VA Secretary David J. Shulkin, MD, also has been telling lawmakers that there is a need to dispose of VA facilities that are currently underused. He announced earlier this year that VA had identified 430 individual vacant buildings that it plans to demolish or set for reuse. In addition and the agency’s plan to review another 784 nonvacant but underutilized buildings to determine if additional efficiencies can be identified to be reinvested in veterans’ services.
Shulkin has said VA will work with Congress to develop a modernization plan to allow the agency to use its “buildings in a better way” and to “stop supporting vacant buildings and underutilized buildings.”
Still, VHA Assistant Deputy Under Secretary for Health for Policy and Planning Regan L Crump told lawmakers during the hearing that VA “is not yet clear” on the need for a commission but does seek “legislative flexibility” to support a thorough assessment.
“The draft bill includes many thoughtful features that could serve as useful benchmarks for the market analysis which is what we will use to gather focused, localized and objective data for decision-making,” Crump said, adding that VA would defer to Congress on a potential commission structure and process.
Regarding details of the draft bill, Crump said VA would “be pleased to follow up with the committee to provide more in-depth comments and technical assistance.”

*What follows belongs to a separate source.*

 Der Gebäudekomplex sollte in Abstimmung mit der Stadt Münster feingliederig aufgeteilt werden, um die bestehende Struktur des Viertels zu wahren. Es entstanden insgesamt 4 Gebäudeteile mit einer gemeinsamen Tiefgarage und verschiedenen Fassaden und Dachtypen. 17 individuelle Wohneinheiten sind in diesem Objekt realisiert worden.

Meanwhile, veterans’ service organizations also weighed in on the issue.
“The American Legion is rarely a fan of congressionally-appointed committees, and this is no different,” American Legion Louis J. Celli Jr., director, Veterans Affairs and Rehabilitation Division for The American Legion. “Fundamentally, we oppose establishing a committee to oversee this process, but if establishing a committee or commission becomes the necessary concession to moving forward, I cannot stress strongly enough that the American Legion will absolutely not support a commission whereby congressionally charted VSOs … are not empowered to have collective veto power over what could turn into a runaway committee.”

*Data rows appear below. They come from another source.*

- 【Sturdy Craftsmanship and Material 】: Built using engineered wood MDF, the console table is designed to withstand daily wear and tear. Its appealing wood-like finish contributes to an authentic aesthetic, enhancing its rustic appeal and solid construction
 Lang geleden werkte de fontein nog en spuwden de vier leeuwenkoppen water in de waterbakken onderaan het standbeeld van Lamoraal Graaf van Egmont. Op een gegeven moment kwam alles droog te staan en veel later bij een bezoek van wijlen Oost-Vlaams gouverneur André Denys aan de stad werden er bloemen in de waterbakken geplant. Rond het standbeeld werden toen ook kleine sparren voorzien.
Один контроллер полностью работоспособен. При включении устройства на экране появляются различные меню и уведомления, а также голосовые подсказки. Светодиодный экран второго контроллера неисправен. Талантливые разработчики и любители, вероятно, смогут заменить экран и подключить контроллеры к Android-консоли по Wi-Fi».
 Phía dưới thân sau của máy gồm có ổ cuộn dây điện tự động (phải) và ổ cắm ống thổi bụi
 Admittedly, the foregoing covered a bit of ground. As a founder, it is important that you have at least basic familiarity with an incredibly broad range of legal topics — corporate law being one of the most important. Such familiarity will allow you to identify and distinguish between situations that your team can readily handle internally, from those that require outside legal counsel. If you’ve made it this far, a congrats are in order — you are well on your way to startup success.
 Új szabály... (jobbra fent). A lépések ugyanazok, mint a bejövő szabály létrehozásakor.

Paralyzed Veterans of America Associate Executive Director of Government Relations Carl Blake said that his organization recognizes the need to review facilities as a “necessary evil.”
“We don’t oppose what you are trying to do, [but] we would like to see some refinements to this legislation,” he said.
Among the changes would be more time allotted for VA’s assessment, Blake said, noting that a year was not enough.
Joy Ilem, deputy national legislative director for Disabled American Veterans (DAV) recommended that rather than a “comprehensive, all-or-nothing, one-time infrastructure review process, VA needs to have the authority and flexibility to make decisions through an iterative process as demand for care and market conditions continue to evolve over time.”
“Specifically, we recommend that facility recommendations by the secretary be done in phases, with the first phase consisting of buildings and properties that are currently unused or significantly underused,” she explained in written testimony.